* TASK REQUIREMENTS
Restate word for word the section of the entries that opens at the line containing "筑材通APP,首页汇聚各类建" and closes at the line containing "LIVIN' Pizzaoven Pellet", both lines kept, pictures dropped.

[Records drawn from a dataset]
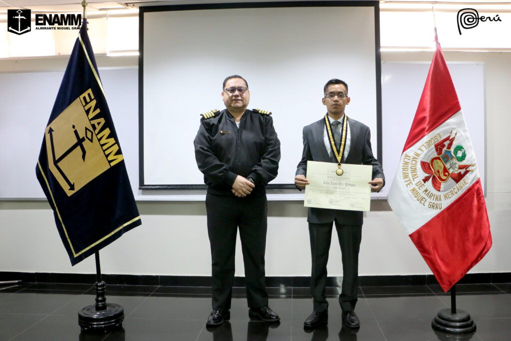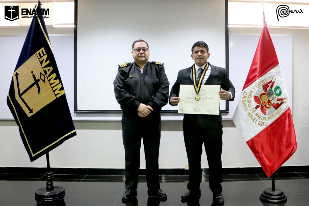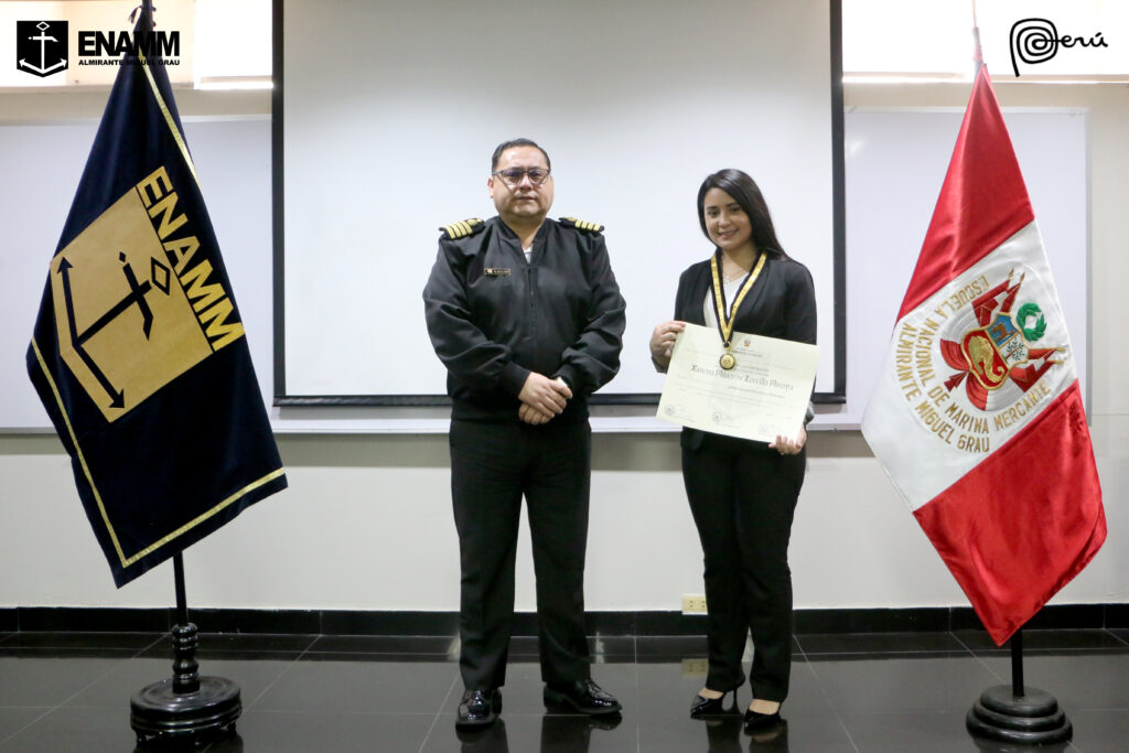 La Escuela Nacional de Marina Mercante “Almirante Miguel Grau”, felicita a los egresados Ximena Milagros ZORRILLA Minaya y Angie Harumi REQUENA MOSCOL, quienes recibieron el Título a nombre de la nación de Administración Marítima y Portuaria. También extendemos nuestras felicitaciones a Julio Jamil VITE Yenque y Francis Axel FLORES Morales, quienes recibieron el Título a nombre de la nación de Marina Mercante.
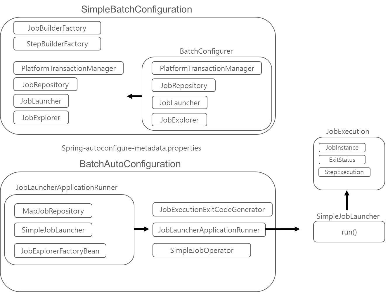 BatchAutoConfiguration이 자동 생성되며 Configuration 정보를 바탕으로 JobLauncherApplicationRunner가 생성된다.
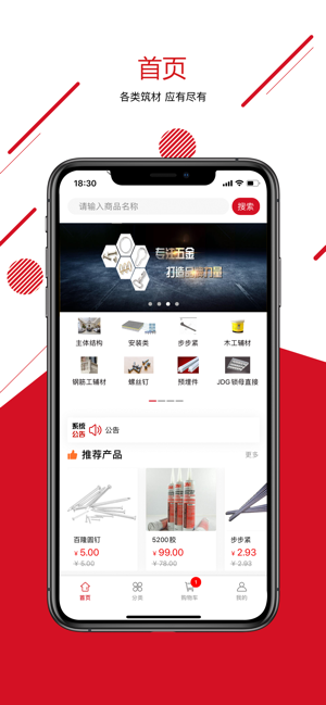 筑材通APP,首页汇聚各类建筑材料,琳琅满目;商品列表,品类繁多,搜索便捷;分类详细,助您快速查找;商品详情,信息详尽,便于快速浏览。
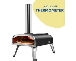 LIVIN' Pizzaoven Pellet - Pizzaovens voor buiten - 12" Pizzaoven - Pizza oven buiten - Pellet Pizza oven - Duurzaam - Pizzaoven voor buiten - Pizza Oven Houtgestookte - Pizza Oven Tuin - Inclusief Thermometer - Draagbaar - 55*36*27 CM - RVS - Zwart
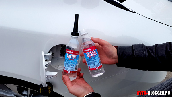 Поэтому давайте рассмотрим альтернативный вариант: ацетон и растворитель. Второй вариант, конечно, менее эффективен, так как октановое число растворителя составляет всего 60-70, в то время как у ацетона — около 100.
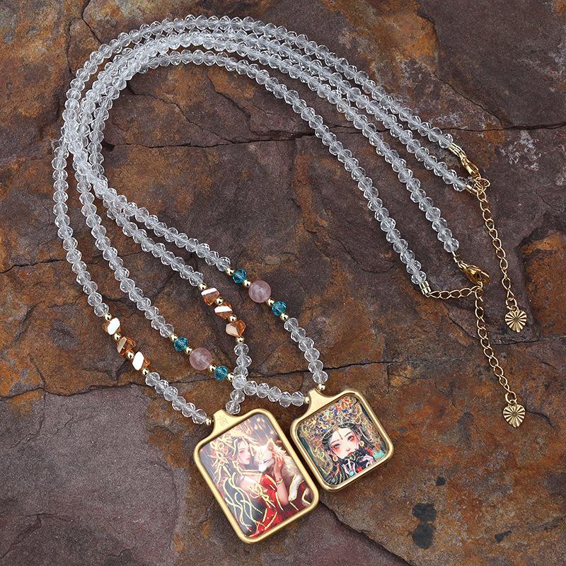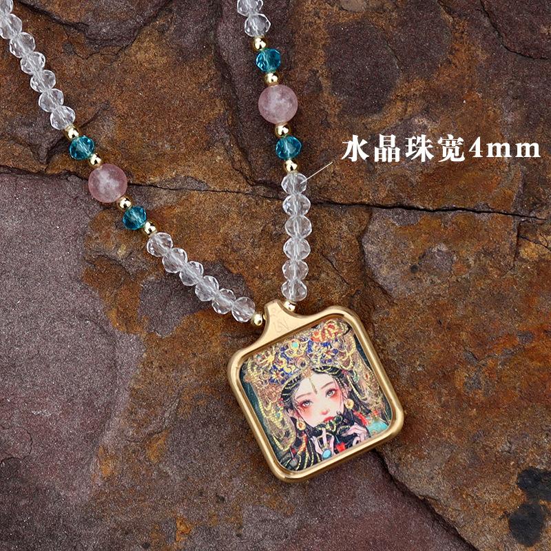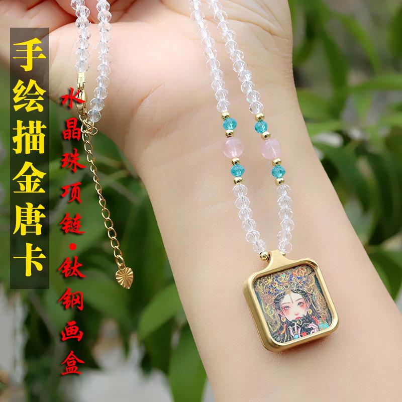 Thousand-hand guanyin 12 hand-painted gold (titanium steel 2x2) + crystal bead necklace, Void 12 hand-painted ...

* TASK SOLUTION
 筑材通APP,首页汇聚各类建筑材料,琳琅满目;商品列表,品类繁多,搜索便捷;分类详细,助您快速查找;商品详情,信息详尽,便于快速浏览。
 LIVIN' Pizzaoven Pellet - Pizzaovens voor buiten - 12" Pizzaoven - Pizza oven buiten - Pellet Pizza oven - Duurzaam - Pizzaoven voor buiten - Pizza Oven Houtgestookte - Pizza Oven Tuin - Inclusief Thermometer - Draagbaar - 55*36*27 CM - RVS - Zwart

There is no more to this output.